Fiction on the Web
- Editor: Charlie Fish
- Categories: Literary fiction, Genre fiction
- Frequency: 104 per year (online)
- Founded: July 1996; 29 years ago
- Country: United Kingdom
- Based in: London
- Language: English
- Website: www.fictionontheweb.co.uk
- ISSN: 2054-894X

= Fiction on the Web =

United Kingdom literary magazine

Fiction on the Web is an online multi-genre literary magazine based in the United Kingdom that was established in July 1996. Its editor-in-chief since inception has been Charlie Fish. It claims to be "the longest-running short stories website on the Internet".

==History==
The online magazine was launched in 1996, and was published quarterly until Autumn 2009, at which point it went into a three-year hiatus. It was relaunched in May 2012 in its current form, publishing two to three short stories per week. Prior to 2015, the magazine was entirely self-funded, but since June 2015 it has been supported by donations from Patreon members. In February 2018, a charity anthology of stories from the magazine's first 21 years was published, The Best of Fiction on the Web.
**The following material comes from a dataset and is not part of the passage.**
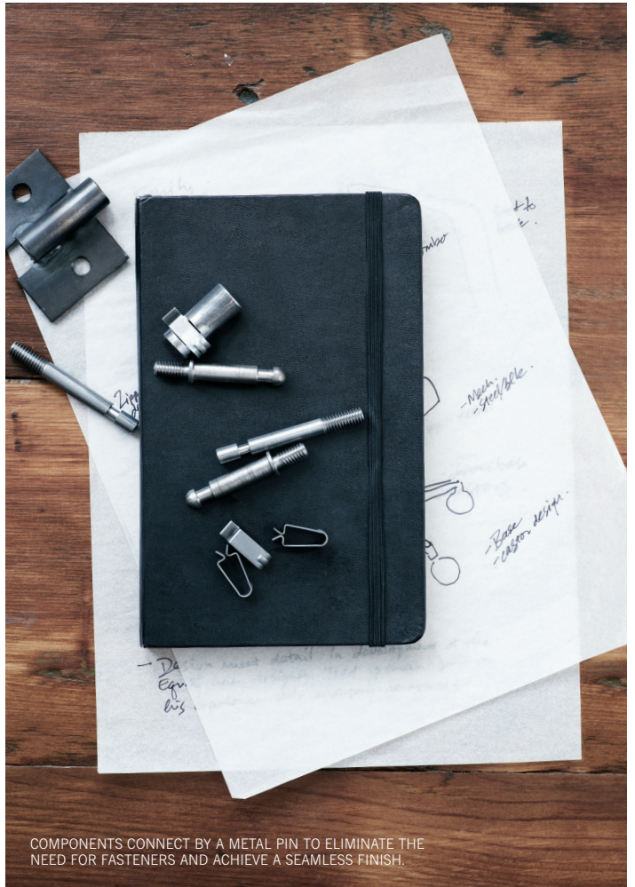
COMPONENTS CONNECT BY A METAL PIN TO ELIMINATE THE NEED FOR FASTENERS AND ACHIEVE A SEAMLESS FINISH.

In January 2024, the magazine started publishing audiobooks, and hired a staff including Associate Editor Rick Taliaferro.

==Content==
Fiction on the Web publishes short stories and audiobooks in six genres: real life (literary), funny, futuristic, fantastic, creepy, and criminal. Notable authors whose first published work of fiction was in Fiction on the Web include Rotimi Babatunde (winner of the Caine Prize for African Writing), Rob Boffard, Judy Dushku, Hanja Kochansky, Fred Skolnik, and Sigfredo R. Iñigo (winner of the 2009 Don Carlos Palanca Memorial Award for Literature).

The FISH list of lively independent literary magazines, compiled by Charlie Fish and hosted at Fiction on the Web, evaluates over 3,000 lit mags on 14 unique metrics, including community engagement, awards won, and editor transparency.

The magazine is a member of the Community of Literary Magazines and Presses.

==Recognition==
In December 2023, Fiction on the Web was named as one of the 25 Best Lit Mags of 2023 by Chill Subs.

In December 2024, Fiction on the Web came second in the Chill Subs Community Favorites Best Lit Mag Awards, out of over 500 magazines nominated.

In December 2025, Fiction on the Web came fourth in the Great Editor(s) category of the Chill Subs Best Lit Mags of 2025.

==In other media==
In 2021, Miryam Solomon released Fiction on the Web, named after the magazine, as the third track on her debut EP for the South London label Albert's Favourites.